# bitmap vs. jpeg



## billyg1957 (Oct 10, 2005)

2 questions.... 

1. Is there any reason to NOT change bitmap files to jpeg in order to conserve hard drive space?

2. Is there a program that would take a bunch of files and do this change simultaneously, without having to do a save as for each file??


----------



## pcxt2007 (Mar 17, 2007)

If you are after archiving use TIFF. Bitmap consumes space. 
I have yet to find a software which can simultaneusly save an image in different image format. It has to be saved into different formats one at a time,


----------



## Noyb (May 25, 2005)

1: Only if your sure that you'll not need to edit them later.

2: Irfanview can batch process them all ... http://www.irfanview.com/


----------



## billyg1957 (Oct 10, 2005)

Thanks for both replies.....So TIff is preferable over jpeg??? Is this because it takes less space??


----------



## billyg1957 (Oct 10, 2005)

I should have added that I won't have the need to edit, but might desire to print at some point.


----------



## ferrija1 (Apr 11, 2006)

billyg1957 said:


> Thanks for both replies.....So TIff is preferable over jpeg??? Is this because it takes less space??


Every time you edit a JPEG, the whole image loses a little quality.

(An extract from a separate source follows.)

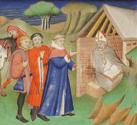 Vincent of Beauvais, Le Miroir Historial (Vol. IV) Place of origin, date: Paris, Master of the Cité des Dames (illuminator); c. 1400- 1410 Material: Vellum, ff. 401, 425x320 (254x196) mm, 2 columns, 43 lines, littera cursiva. French. Binding: 18th-century brown leather, gilt, with coat of arms of Stadtholder William V Decoration: 1 two-column miniature (185x200 mm with border decoration), 19 column miniatures (110/70x90/85 mm) with border decoration, 1 illustration in the margin (coat of arms); decorated initials with border decoration (ff. 3r, 10r, 15r, 19r, 20r, etc.) Provenance: Acquired by Philip of Cleves (d. 1528) before 1492 (coat of arms with label); purchased in 1531 from his estate by Henri III, Count of Nassau (d. 1538); by inheritance to the Princes of Orange-Nassau, the later Stadtholders at The Hague; taken in 1795 to Paris by the French occupying forces and restituted in 1816 to the KB

TIFF files are _lossless_. They do not do that.


----------



## Noyb (May 25, 2005)

Tiffs or Bmps take more space .. but are not corrupted by jpeg compressing.

In other ferrija1's words  ..... Editing and saving a jpeg is like a rumor ...
It's originality (what's been added or subtracted) depends on how many times it's been told.

If you want to loose the original ... Is your choice.


----------



## ferrija1 (Apr 11, 2006)

Noyb said:


> frerrija's


wow.........

I thought you had it right......

Now write it 1000 times.


----------